Is there any time frame for a iOS support? https://stackoverflow.com/questions/25045829/how-can-i-activate-the-cellular-radio-in-ios-since-bsd-sockets-doesnt-activate
According to this post, it seems that I can just listen for Tcp and do nothing. It will keep the cellular radio or on demand VPN activated. Does it mean that this can be a temp workaround for iOS using?
I really love to use Netty like mechanism since my server is in Java based on Netty. I can keep them look the same. Or is there any Netty like lib supporting iOS? Thank you for your reply.
I noticed that you mentioned the pthread management used by swift-nio.
And I found the #233 says that it removes the check, because swift-nio uses its own thread impl now.
Is MultiThreadedEventLoopGroup(numThreads: 1)
and dispatch to GCD mentioned by @helje5 is still preferred?
I’m not sure what the latter question relates too. It doesn’t sound like the radio/vpn issue? But yes, on a device I can’t imagine why you’d want to have more than one NIO thread. (unless you put it in a rack an use it as a server ;-) )
You definitely don’t want to do the former. (only listen to keep the radio active) The users will hate you ;-) (btw the SO article seems to mirror my experience, that TCP seems to be fine w/o any extra tricks, but who knows. and i didn’t try VPN)
Whether NIO works for your needs is entirely dependent on what your needs are. In general, BSD sockets are less than ideal on iOS because the contract given by the operating system does not give you much feedback about the state of the system. The OS is free to do as it pleases with your BSD sockets in non-main-line scenarios (e.g. background your app could invalidate your FDs without notifying you).

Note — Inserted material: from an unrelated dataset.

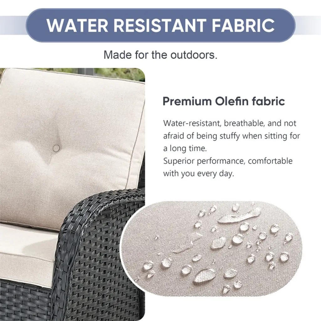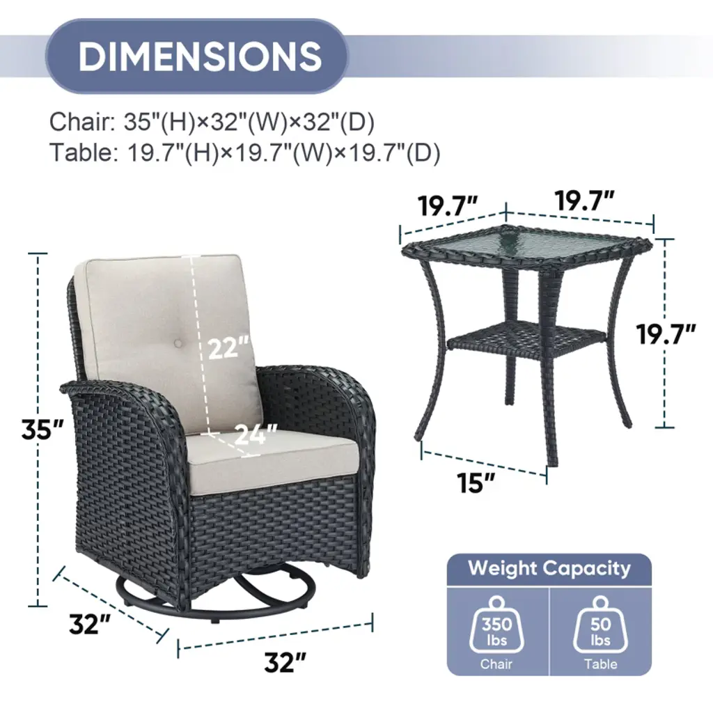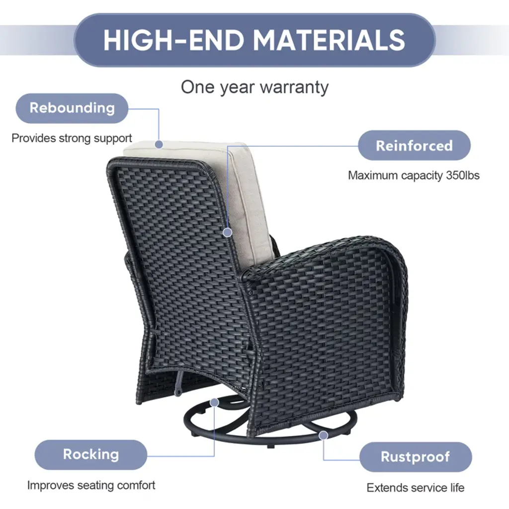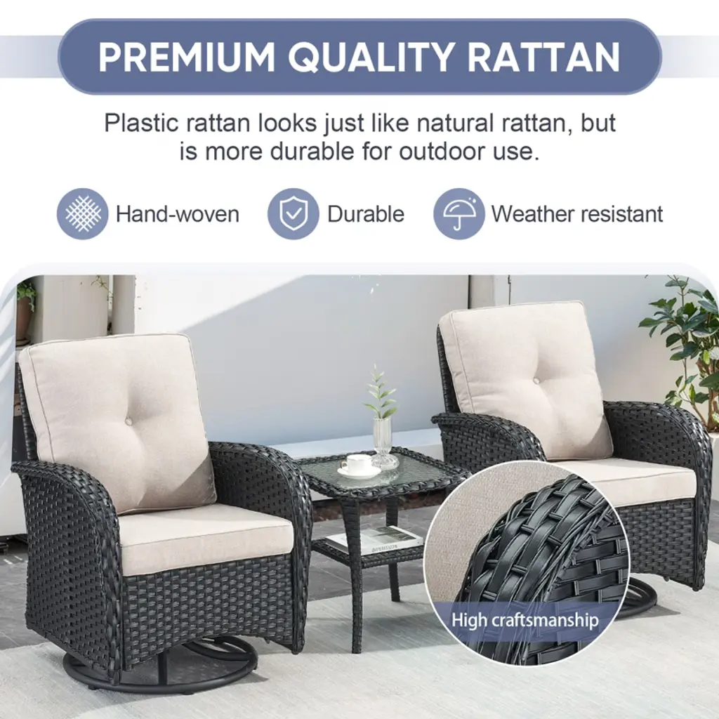 The POCASSY PE Wicker Swivel Patio Rocker Gliding Chairs feature a 360-degree swivel function, allowing you to effortlessly change direction. This design makes it easier to keep an eye on your children, engage in face-to-face conversations with loved ones, or simply enjoy moments of relaxation. Paired with a woven rattan coffee side table topped with tempered glass, this set is perfect for holding books, tea cups, and other small everyday items. Place two of these stylish outdoor chairs on your balcony or in your garden to create a cozy space for chatting with family and friends. Whether you're enjoying a quiet moment alone or sharing stories outdoors, this set is the ideal companion for embracing a peaceful and enjoyable outdoor lifestyle.

Again, the best we can say is that if iOS provides a higher level API for what you’re trying to do, you are best suited using it. If it does not, NIO should work fine as a wrapper around the BSD sockets/pthreads library. GCD integration is on the roadmap, but not immediately imminent.
I am interested in using SwiftNIO's HTTP2 implementation (once available) to add an NIO-based server implementation to https://github.com/grpc/grpc-swift. Given that that project currently depends on several other fairly large libraries, it would be great to also move the client code to SwiftNIO to eliminate those dependencies.
For that to happen, though, SwiftNIO would need to support those client platforms — namely iOS (preferably 10+) and macOS 10.11. Neither currently shows up in the "Supported Platforms" list — does that mean it's technically impossible to support those platforms (e.g. because some low-level networking APIs are missing), or has the library simply not been tested on those platforms, but might already work as-is? Other than that, what level of effort would be required to add support for these two platforms, or is it already planned, and with what timeline?